▶ **The problem**
The records below must be reproduced exactly. Strip out the pictures.

▶ **Dataset extract**
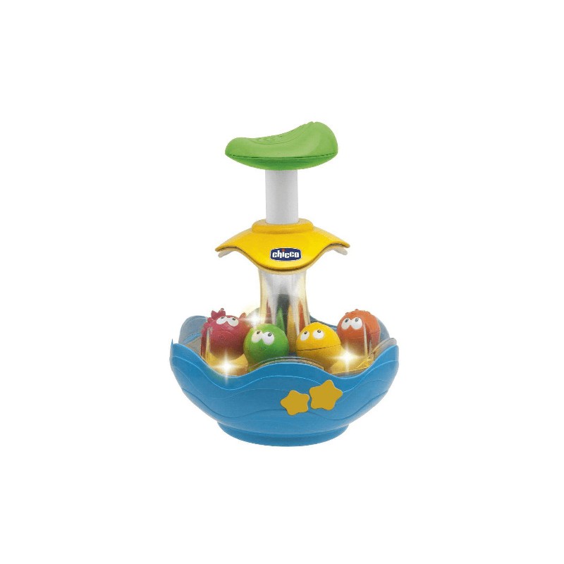 Tradycyjny bączek, lubiona przez wszystkie dzieci, doskonale pamiętana przez ich rodziców zabawka, teraz pojawia się w nowoczesnej wersji, z podświetleniem i nowymi bohaterami. Naciśnij zielony, ergonomiczny przycisk na szczycie zabawki, aby cała gromada morskich stworków, znajdujących się wewnątrz przeźroczystej kuli zawirowała wśród kolorowych fal.
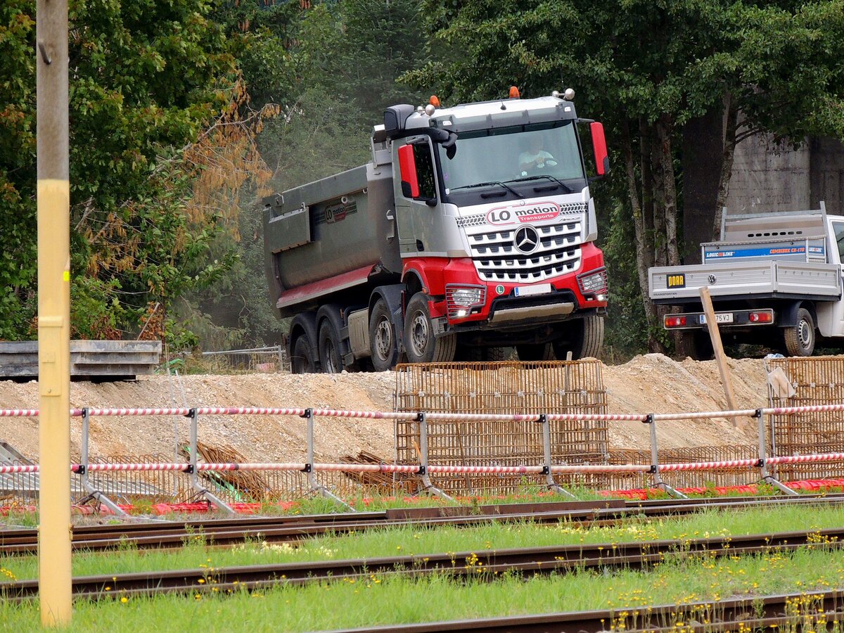 Komatsu PC 350 NLC und Mercedes Benz Actros 4144 auf einer Baustelle in Fulda-Bernhards am 13.06.08
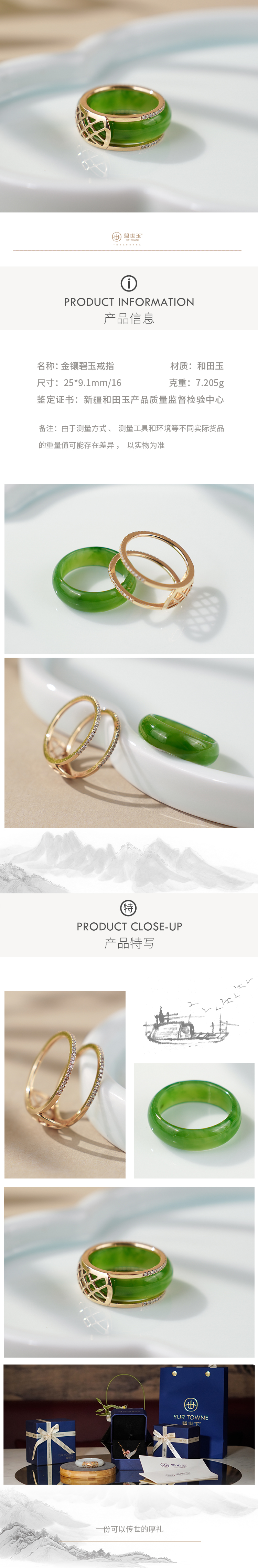 新疆国玉盟世玉金镶碧玉戒指·一戒四戴圈口16#【带证书·顺丰物流】
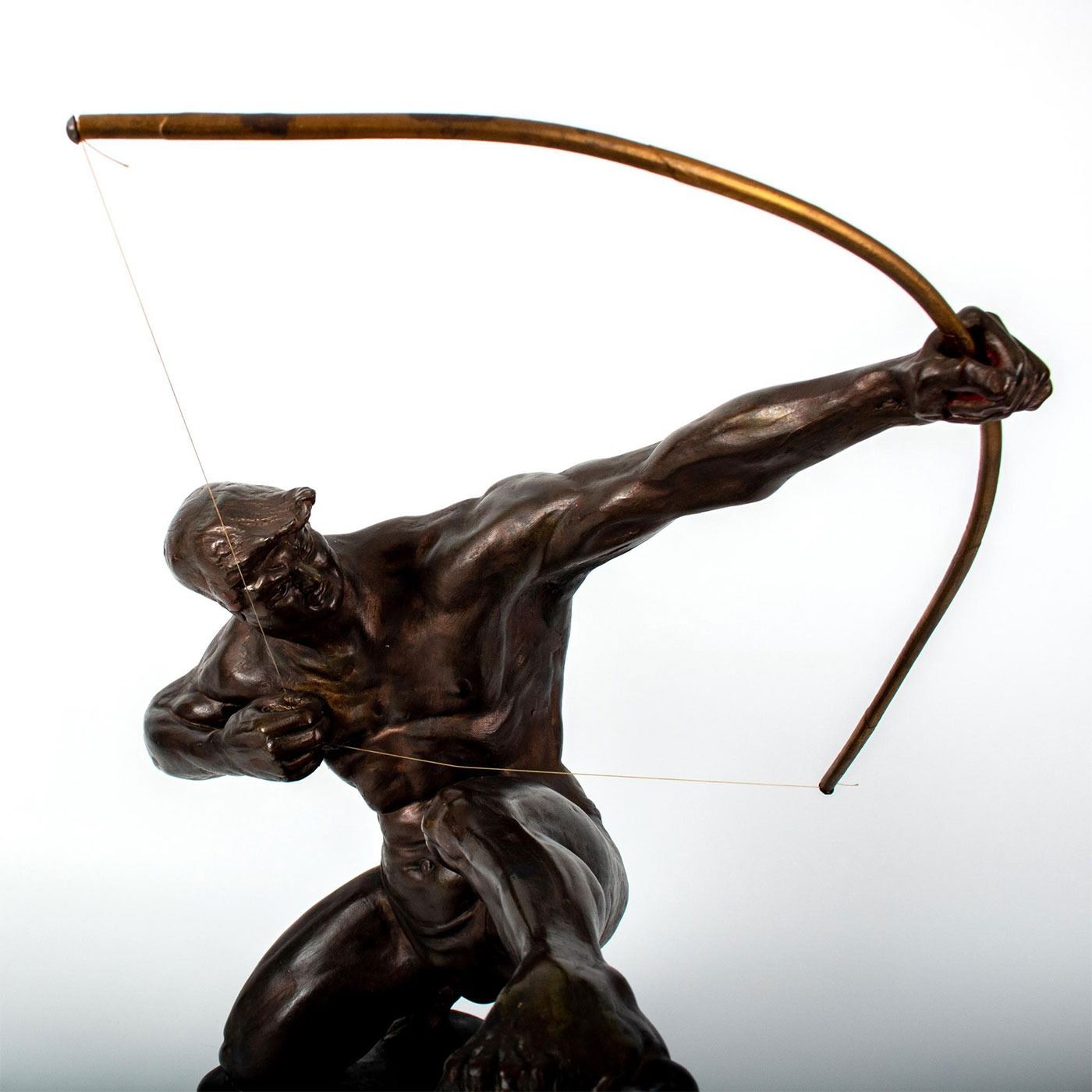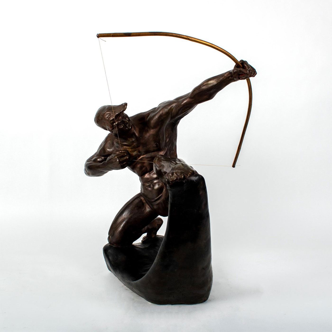 Depicts a large sculpture of a man with a bow. The bow is made out of string and gold colored wood. No artist signature. Very heavy sculpture. #sculpture #statue #bowand arrow #archer
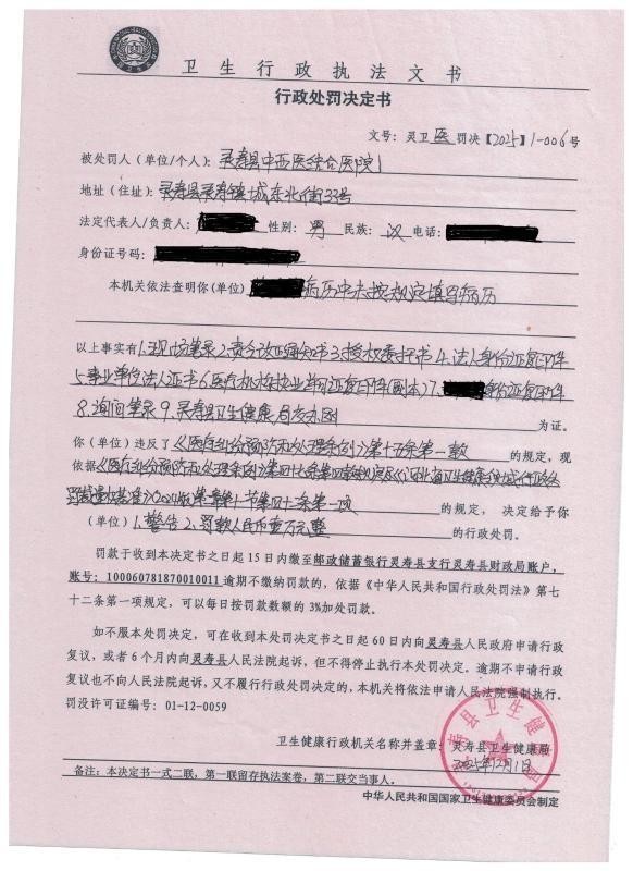 原标题:未按规定填写病历、超标准收费,灵寿县一公立医院多次被处罚
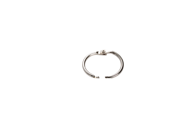 * Metalen ring die scharniert in het midden, bijv. voor het verzamelen van mappen, boeken, etc. * Diameter 19mm, dikte 2mm. * Zakje à 10 stuks.
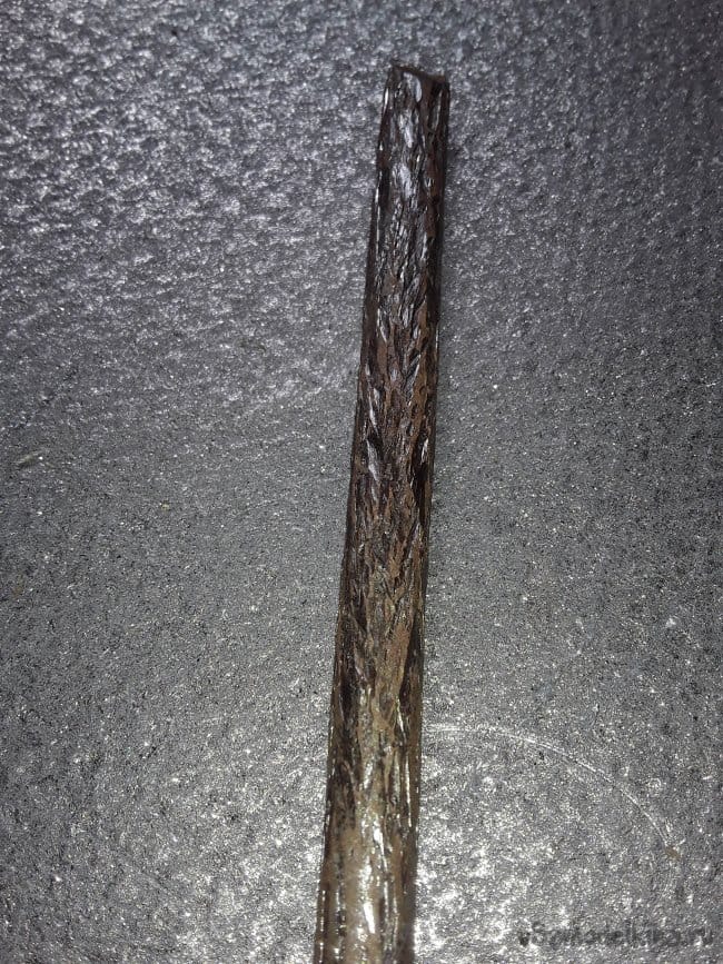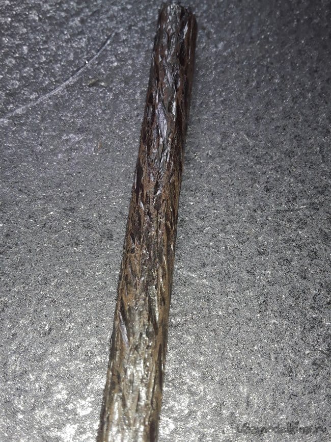 Ну вот и все готово приспособление закрепил саморезами к пню, и попробовал отформовать прут 8мм при формовке если нагревать заготовку то рисунок получается красивым, а самое главное, что работаешь быстрее думаю показывать как работать не надо все большие с молотком работать могут. Но иногда нет возможности нагревать заготовки можно и на холодную работать рисунок немного хуже, но, а так-то же самое, как и на горячую. При нанесении ударов заготовку нужно поворачивать и наносить удары в разные места иногда и повторно так рисунок каждый раз быть неповторим и красивым. Вот фото как получается на холодную думаю вполне сгодится на кору вроде похоже, а главное неповторимо красиво и своими руками за 30 минут свободного времени.
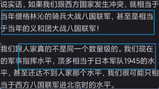 这态度够明显了吧,但还是有公知敢跳出来说什么“我们现在的军事指挥水平,顶多相当于日本军队1945的水平,甚至还达不到人家那个水平,我们很可能只相当于西方八国联军进北京时的水平”。如此唱衰中国,他哪来的脸自称“我们”的,谁和他是“我们”?
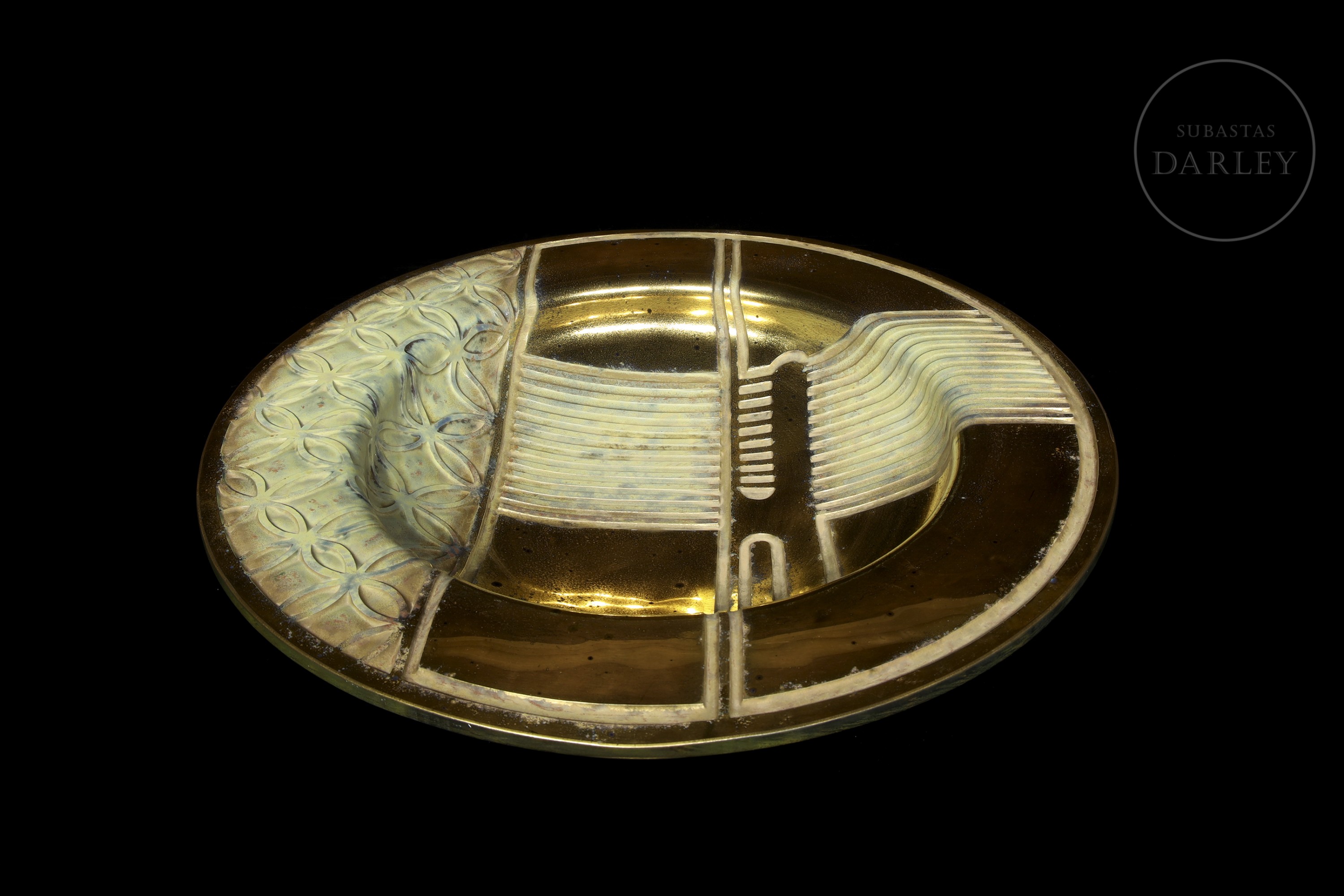 Large Art Deco ornamental plate, signed and dated on the bottom as ‘Salvatore Polozzi / 1995’. Made of glass, it incorporates 22-carat gold, according to the artist's website. The surface is articulated by a geometric relief composition, organised into defined compartments that combine transparencies, light effects and different textures, creating an attractive visual contrast.
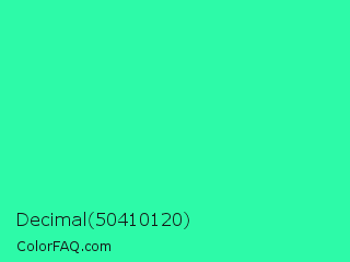 Decimal 50410120 Color is a normal green color and the nearest color is Eucalyptus #44d7a8. Hex code #2dfaa8 and RGB value is rgb(45,250,168). In RGB color space, this color is composed of 18% red, 98% green, 66% blue, In CMYK color space, this color is composed of 82% cyan, 0% magenta, 33% yellow , 2% black , In HSL color space, this color has a hue angle of 156° , 95% saturation and 58% lightness.
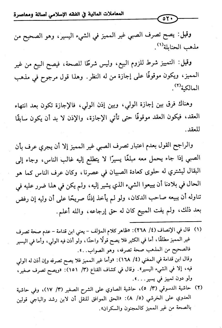 (¬١) قال في الإنصاف (٤/ ٢٦٨): "ظاهر كلام المؤلف -يعني ابن قدامة- عدم صحة تصرف غير المميز مطلقاً، أما في الكثير فلا يصح قولًا واحداً، ولو أذن فيه الولي، وأما في اليسير فالصحيح من المذهب صحة تصرفه، وهو الصواب .. ".
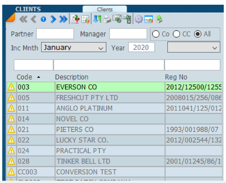 12. The exclamation icon indicates which returns are overdue for the year if no submission date captured.
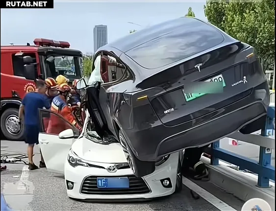 В Китае Tesla взлетела в воздух и приземлилась на Toyota
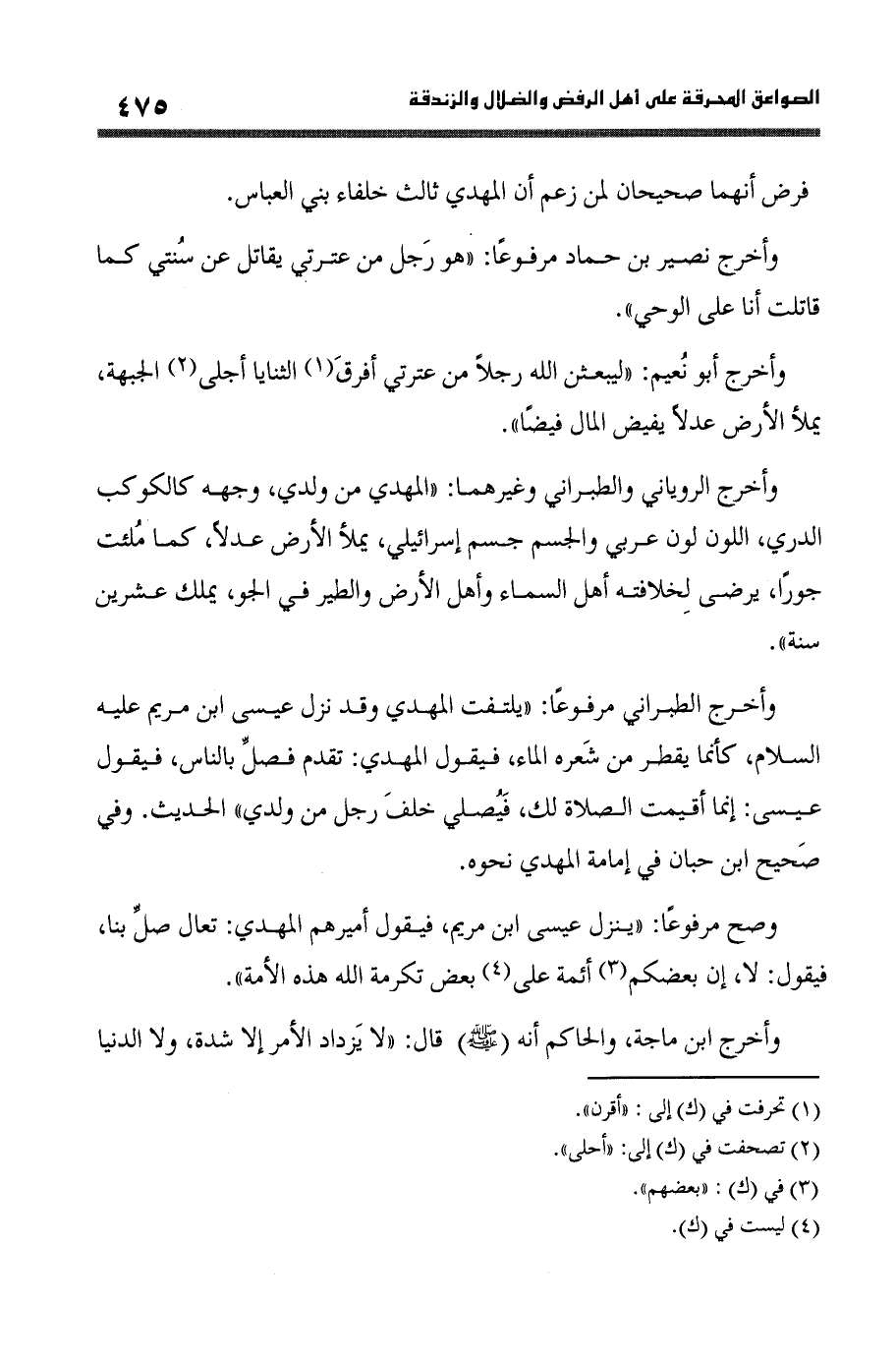 وَأخرج نصير بن حَمَّاد مَرْفُوعا (هُوَ رجل من عِتْرَتِي يُقَاتل عَن سنتي كَمَا قَاتَلت انا على الْوَحْي

▶ **Output**
 Tradycyjny bączek, lubiona przez wszystkie dzieci, doskonale pamiętana przez ich rodziców zabawka, teraz pojawia się w nowoczesnej wersji, z podświetleniem i nowymi bohaterami. Naciśnij zielony, ergonomiczny przycisk na szczycie zabawki, aby cała gromada morskich stworków, znajdujących się wewnątrz przeźroczystej kuli zawirowała wśród kolorowych fal.
 Komatsu PC 350 NLC und Mercedes Benz Actros 4144 auf einer Baustelle in Fulda-Bernhards am 13.06.08
 新疆国玉盟世玉金镶碧玉戒指·一戒四戴圈口16#【带证书·顺丰物流】
 Depicts a large sculpture of a man with a bow. The bow is made out of string and gold colored wood. No artist signature. Very heavy sculpture. #sculpture #statue #bowand arrow #archer
 原标题:未按规定填写病历、超标准收费,灵寿县一公立医院多次被处罚
 * Metalen ring die scharniert in het midden, bijv. voor het verzamelen van mappen, boeken, etc. * Diameter 19mm, dikte 2mm. * Zakje à 10 stuks.
 Ну вот и все готово приспособление закрепил саморезами к пню, и попробовал отформовать прут 8мм при формовке если нагревать заготовку то рисунок получается красивым, а самое главное, что работаешь быстрее думаю показывать как работать не надо все большие с молотком работать могут. Но иногда нет возможности нагревать заготовки можно и на холодную работать рисунок немного хуже, но, а так-то же самое, как и на горячую. При нанесении ударов заготовку нужно поворачивать и наносить удары в разные места иногда и повторно так рисунок каждый раз быть неповторим и красивым. Вот фото как получается на холодную думаю вполне сгодится на кору вроде похоже, а главное неповторимо красиво и своими руками за 30 минут свободного времени.
 这态度够明显了吧,但还是有公知敢跳出来说什么“我们现在的军事指挥水平,顶多相当于日本军队1945的水平,甚至还达不到人家那个水平,我们很可能只相当于西方八国联军进北京时的水平”。如此唱衰中国,他哪来的脸自称“我们”的,谁和他是“我们”?
 Large Art Deco ornamental plate, signed and dated on the bottom as ‘Salvatore Polozzi / 1995’. Made of glass, it incorporates 22-carat gold, according to the artist's website. The surface is articulated by a geometric relief composition, organised into defined compartments that combine transparencies, light effects and different textures, creating an attractive visual contrast.
 Decimal 50410120 Color is a normal green color and the nearest color is Eucalyptus #44d7a8. Hex code #2dfaa8 and RGB value is rgb(45,250,168). In RGB color space, this color is composed of 18% red, 98% green, 66% blue, In CMYK color space, this color is composed of 82% cyan, 0% magenta, 33% yellow , 2% black , In HSL color space, this color has a hue angle of 156° , 95% saturation and 58% lightness.
 (¬١) قال في الإنصاف (٤/ ٢٦٨): "ظاهر كلام المؤلف -يعني ابن قدامة- عدم صحة تصرف غير المميز مطلقاً، أما في الكثير فلا يصح قولًا واحداً، ولو أذن فيه الولي، وأما في اليسير فالصحيح من المذهب صحة تصرفه، وهو الصواب .. ".
 12. The exclamation icon indicates which returns are overdue for the year if no submission date captured.
 В Китае Tesla взлетела в воздух и приземлилась на Toyota
 وَأخرج نصير بن حَمَّاد مَرْفُوعا (هُوَ رجل من عِتْرَتِي يُقَاتل عَن سنتي كَمَا قَاتَلت انا على الْوَحْي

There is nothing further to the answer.